- **TASK DETAILS**
Your answer should hold exactly the lines below from the line with "The studio had" through the line with "Roman mosaic of", both included, and no pictures at all.

- **DATA IN THIS EXERCISE**

——————

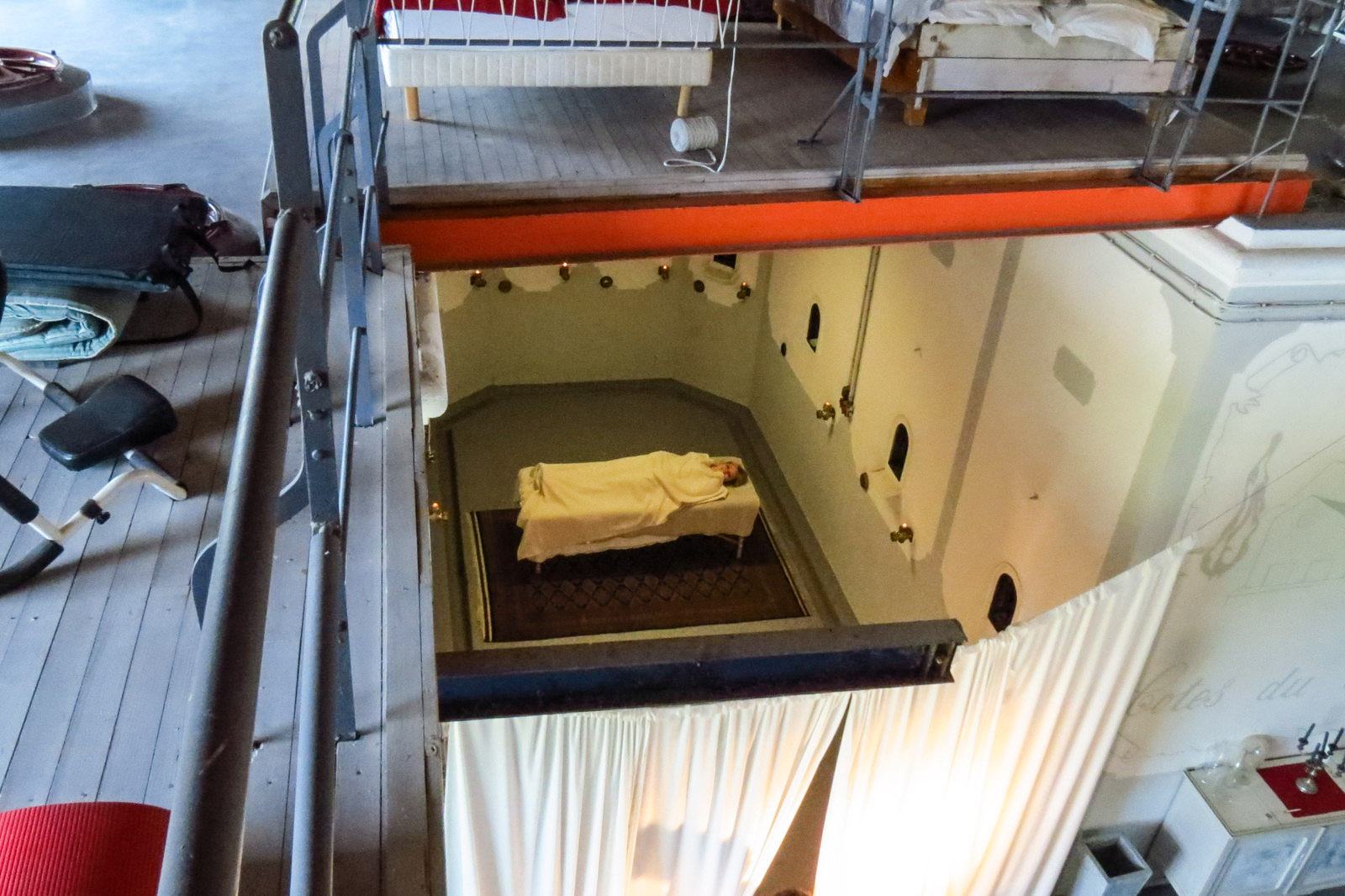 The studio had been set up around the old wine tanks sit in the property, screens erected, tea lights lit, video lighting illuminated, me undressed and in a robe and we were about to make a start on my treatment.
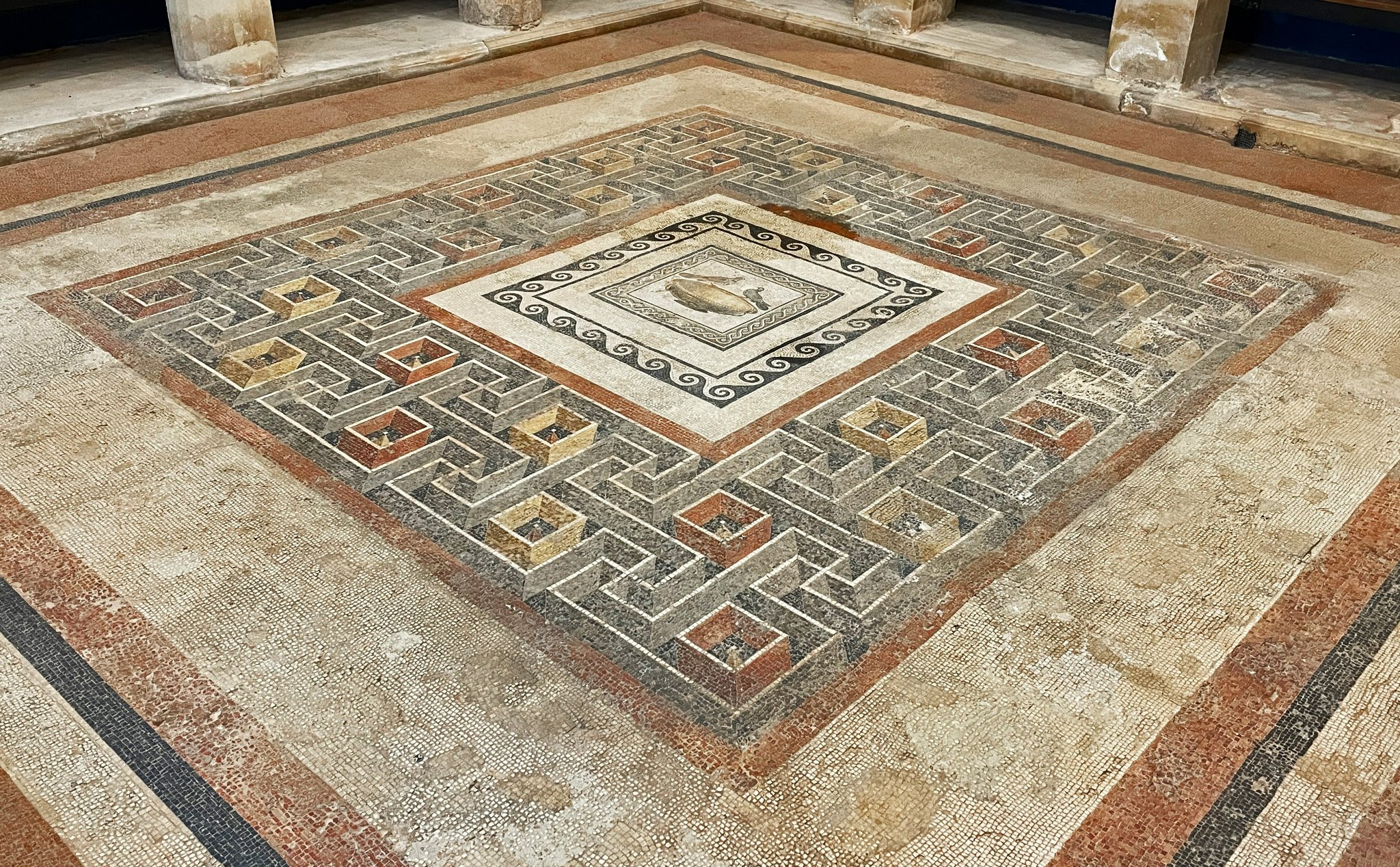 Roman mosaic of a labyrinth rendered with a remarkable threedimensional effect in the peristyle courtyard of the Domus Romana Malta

——————

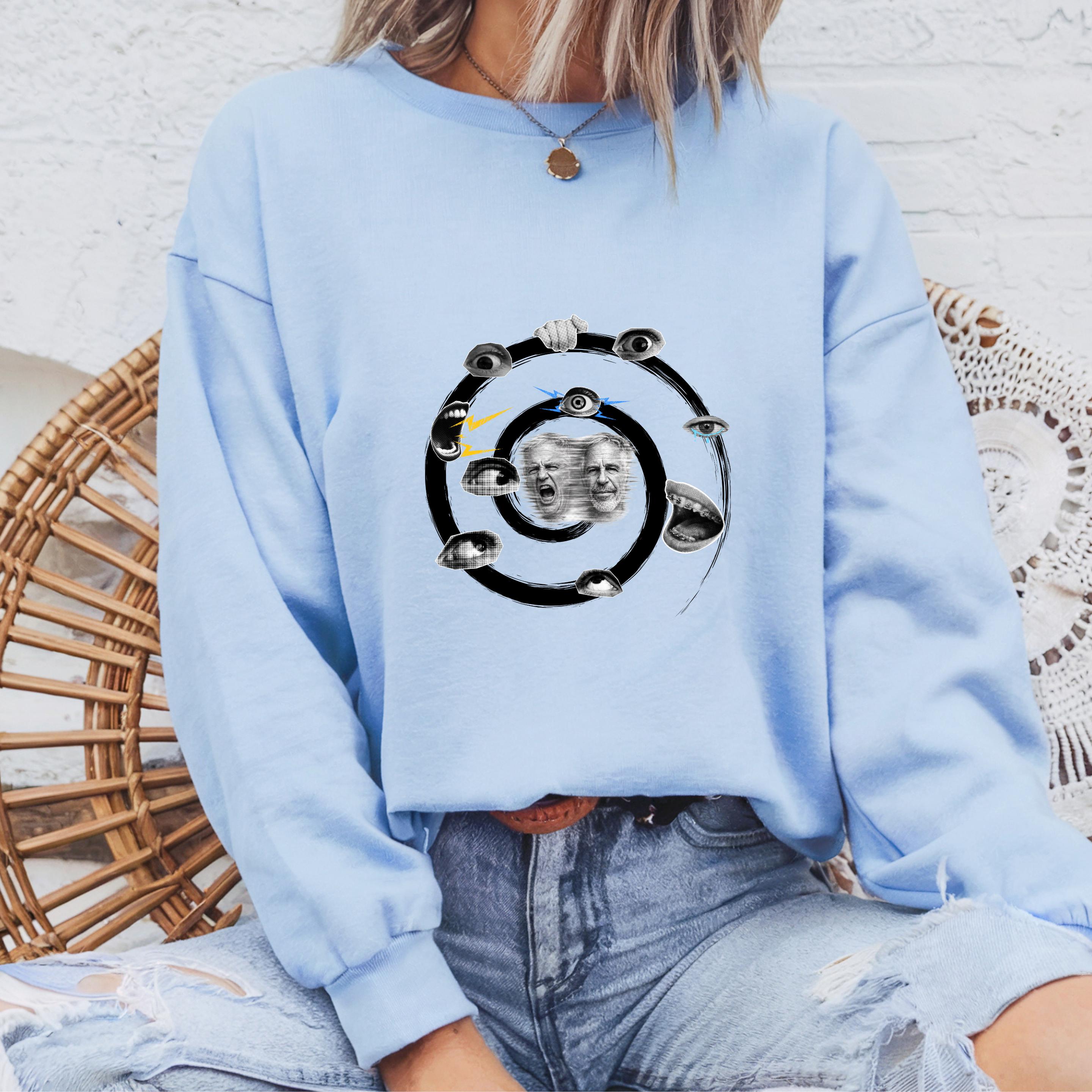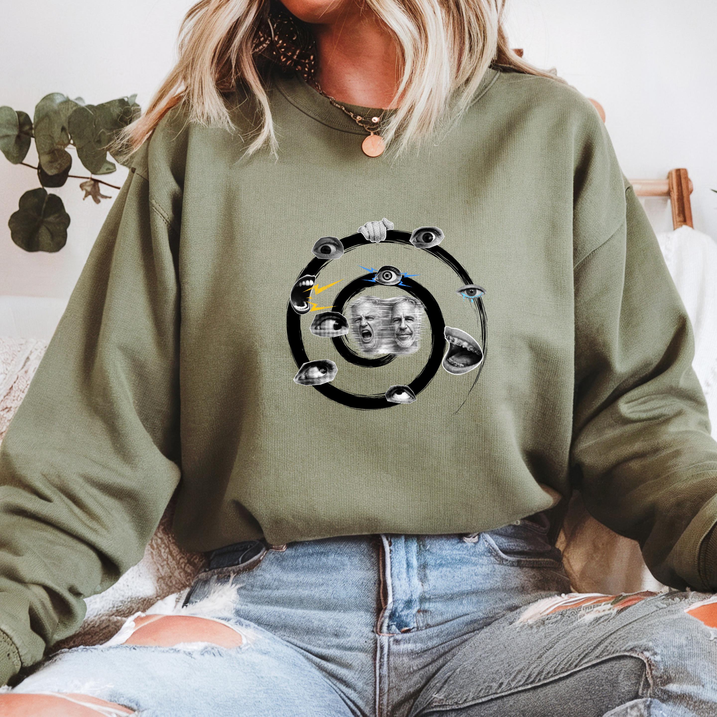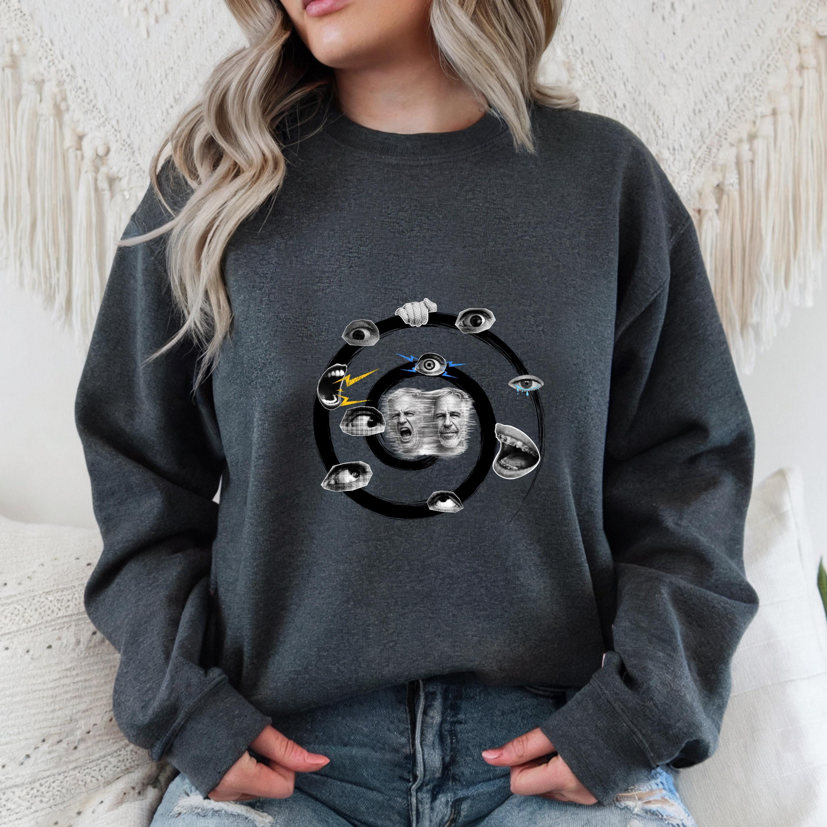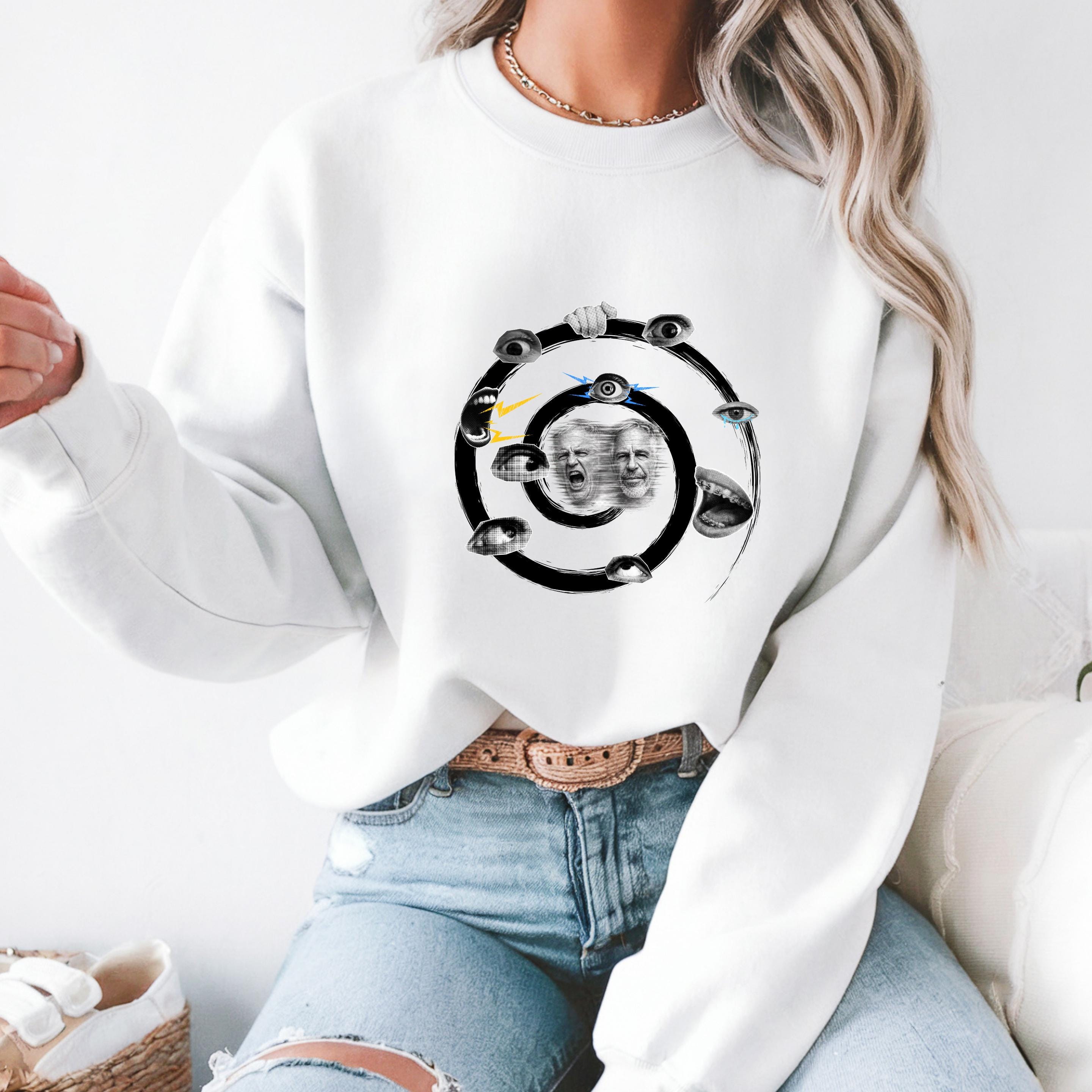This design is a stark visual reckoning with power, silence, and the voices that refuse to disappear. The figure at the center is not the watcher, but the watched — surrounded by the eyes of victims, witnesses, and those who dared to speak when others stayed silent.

——————

- **ANSWER FOR THIS EXERCISE**
 The studio had been set up around the old wine tanks sit in the property, screens erected, tea lights lit, video lighting illuminated, me undressed and in a robe and we were about to make a start on my treatment.
 Roman mosaic of a labyrinth rendered with a remarkable threedimensional effect in the peristyle courtyard of the Domus Romana Malta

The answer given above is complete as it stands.